Our approach to PDF checkbox extraction

Because these documents can come in a wide variety of formats and structures, we will use a Large Language Model in order to interpret and structure the contents of those PDF documents. However, before that, we’ll need to extract raw text from the PDF (irrespective of whether it’s native text or scanned).

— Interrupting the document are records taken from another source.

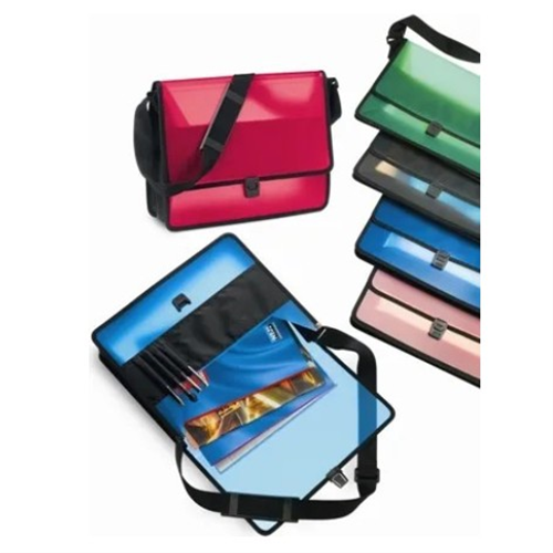 PORTABLOCCO IN PP SEMITRASPARENTE CON TRACOLLA E PATELLA, TASCA FRONTALE PORTAOGGETTI, SOFFIETTO E BORDATURE IN TESSUTO. DIM.CM. 27X39X10
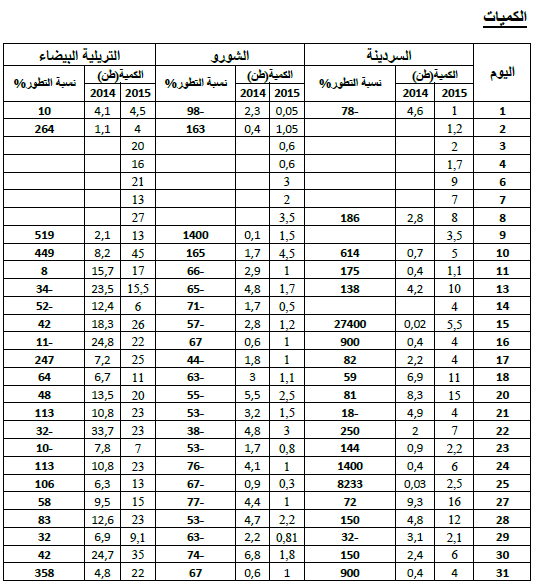 الشورو : تراجع في التزويد مقارنة بنفس الفترة من سنة 2014 ويقدر مؤشر الكميات بـ 49.
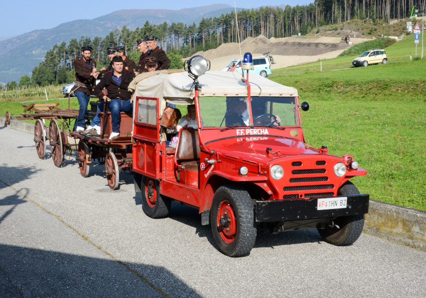 Die prächtige Chronik zum 100-jährigen Bestehen, verfasst von Dr. Johann Passler, überarbeitet vom Ausschuss der FF Percha und grafisch ausgearbeitet von Alyssa Plaickner, wurde passend zum Anlass vorgestellt. In ihren Ansprachen würdigten die Ehrengäste (unter ihnen Landesrat Arnold Schuler, Bürgermeister Martin Schneider, Präsident-Stellvertreter des Landesverbandes Peter Hellweger und Abschnittsinspektor Meinhard Schneider) nicht nur das Wirken der FF Percha in den vergangenen 100 Jahren, sondern zeigten sich auch beeindruckt von der modernen Ausrüstung und dem neuen Einsatzfahrzeug.

If you carefully think about it, the system that extracts raw text from the PDF needs to both detect and render PDF form elements like checkboxes and radiobuttons in a way that LLMs can understand. In this example, we’ll use LLMWhisperer to extract PDF raw text representing checkboxes and radiobuttons. You can use LLMWhisperer completely free for processing up to 100 pages per day. As for structuring the output from LLMWhisperer, we’ll use GPT3.5-Turbo and we’ll use Langchain and Pydantic to help make our job easy.

Input and expected output

Let’s take a look at the input document and what we expect to see as output.

The PDF document
We want to extract structure information from this 1003 form, but in this exercise, we’ll only be processing the first page.

Extracted raw text via LLMWhisperer
Let’s look at the output from LLMWhisperer

Two things should jump out:

LLMWhisperer preserves the layout of the input document in the output! This makes it easy for LLMs to get a good idea about the column layout and what different sections mean
LLMWhisperer has rendered checkboxes and radio buttons as simple plain text! This allows LLMs to interpret the document as the user has filled it.

What we want the final JSON to look like
We want to output structured JSON using Pydantic and output something like the following so that it’s easy to process downstream. With LLMWhisperer giving us output—especially around checkboxes and radio buttons—it should be easy for us to get exactly what we want.

{
    "personal_details": {
        "name": "Amy America",
        "ssn": "500-60-2222",
        "dob": "1954-03-30T00:00:00Z",
        "citizenship": "U.S. Citizen"
    },
    "extra_details": {
        "type_of_credit": "Individual",
        "marital_status": "Married",
        "cell_phone": "(408) 111-2121"
    },
    "current_address": {
        "street": "4321 Cul de Sac ST",
        "city": "Los Angeles",
        "state": "CA",
        "zip_code": "90210",
        "residing_in_addr_since_years": 10,
        "residing_in_addr_since_months": 2,
        "own_house": true,
        "rented_house": true,
        "rent": 2200,
        "mailing_address_different": false
    },
    "employment_details": {
        "business_owner_or_self_employed": true,
        "ownership_of_25_pct_or_more": true
    }
}

The Code for checkbox extraction

We’re able to achieve our objectives in about 100 lines of code. Let’s look at the different aspects of it.

Extracting raw text from the PDF
Using LLMWhisperer’s Python client, we can extract data from PDF documents as needed. LLMWhisperer is a cloud service and requires an API key, which you can get for free. LLMWhisperer’s free plan allows you to extract up to 100 pages of data per day, which is more than we need for this example.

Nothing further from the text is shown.